И Колина жена, постигшая все тайны примуса, громко сказала.
– Зверевы дураки!
За стеной слышалось адское пение примуса и звуки поцелуев.
– Видите? Они ничего не слышат. Зверевы дураки, болваны и психопаты. Видите!..
– Да, – сказал Ипполит Матвеевич.
– А мы примуса не держим. Зачем? Мы ходим обедать в вегетарианскую столовую, хотя я против вегетарианской столовой. Но когда мы с Колей поженились, он мечтал о том, как мы вместе будем ходить в вегетарианку. Ну вот мы и ходим. Я очень люблю мясо. А там котлеты из лапши. Только вы, пожалуйста, ничего не говорите Коле… В это время вернулся Коля с Остапом.
– Ну что ж, раз у тебя решительно нельзя остановиться, мы пойдем к Пантелею.
– Верно, ребята! – закричал Коля. – Идите к Иванопуло, Это свой парень.
– Приходите к нам в гости, – сказала Колина жена, – мы с мужем будем очень рады.
– Опять в гости зовут! – возмутились в крайнем пенале. – Мало им гостей!
– А вы – дураки, болваны и психопаты, не ваше дело! – сказала Колина жена, не повышая голоса.
– Ты слышишь, Иван Андреевич, – заволновались в крайнем пенале, – твою жену оскорбляют, а ты молчишь.
Подали свой голос невидимые комментаторы и из других пеналов. Словесная перепалка разрасталась. Компаньоны ушли вниз, к Иванопуло.
Студента не было дома. Ипполит Матвеевич зажег спичку. На дверях висела записка: «Буду не раньше 9 ч. Пантелей».
– Не беда, – сказал Остап, – я знаю, где ключ. Он пошарил под несгораемой кассой, достал ключ и открыл дверь.
Комната студента Иванопуло была точно такого же размера, как и Колина, но зато угловая. Одна стена ее была каменная, чем студент очень гордился. Ипполит Матвеевич с огорчением заметил, что у студента не было даже матраца.
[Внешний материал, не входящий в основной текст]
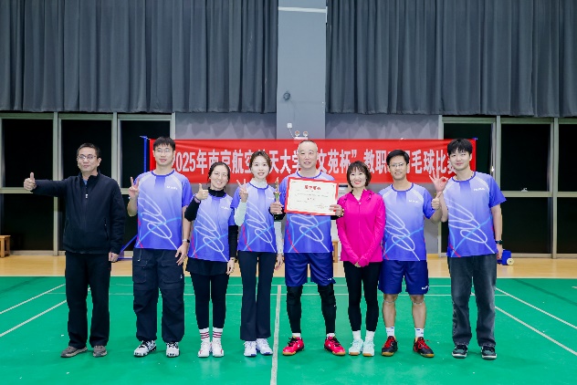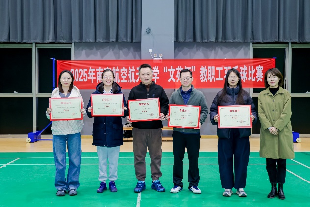 经过激烈角逐,最终能源与动力学院代表队脱颖而出,蝉联了教职工羽毛球比赛冠军,经济与管理学院-艺术学院联队夺得亚军,后勤保障部获得季军。外国语学院-通用航空与飞行学院联队、自动化学院、机电学院、物理学院、航空学院+航天学院联队分列第四至第八名。张钟勤、王伟、邬沛雄和校工会副主席徐梦洁分别为获奖代表队颁发了奖项。至此,2025年南航“文苑杯”教职工羽毛球比赛圆满落幕。

– Отлично устроимся, – сказал Остап, – приличная кубатура для Москвы. Если мы уляжемся все втроем на полу, то даже останется немного места. А Пантелей – сукин сын! Куда он девал матрац, интересно знать?
Окно выходило в переулок. Там ходил милиционер. Напротив, в домике, построенном на манер готической башни, помещалось посольство крохотной державы. За железной решеткой играли в теннис. Летал белый мячик. Слышались короткие возгласы.
– Аут, – сказал Остап, – класс игры невысокий. Однако давайте отдыхать.
Концессионеры разостлали на полу газеты. Ипполит Матвеевич вынул подушку-думку, которую возил с собой.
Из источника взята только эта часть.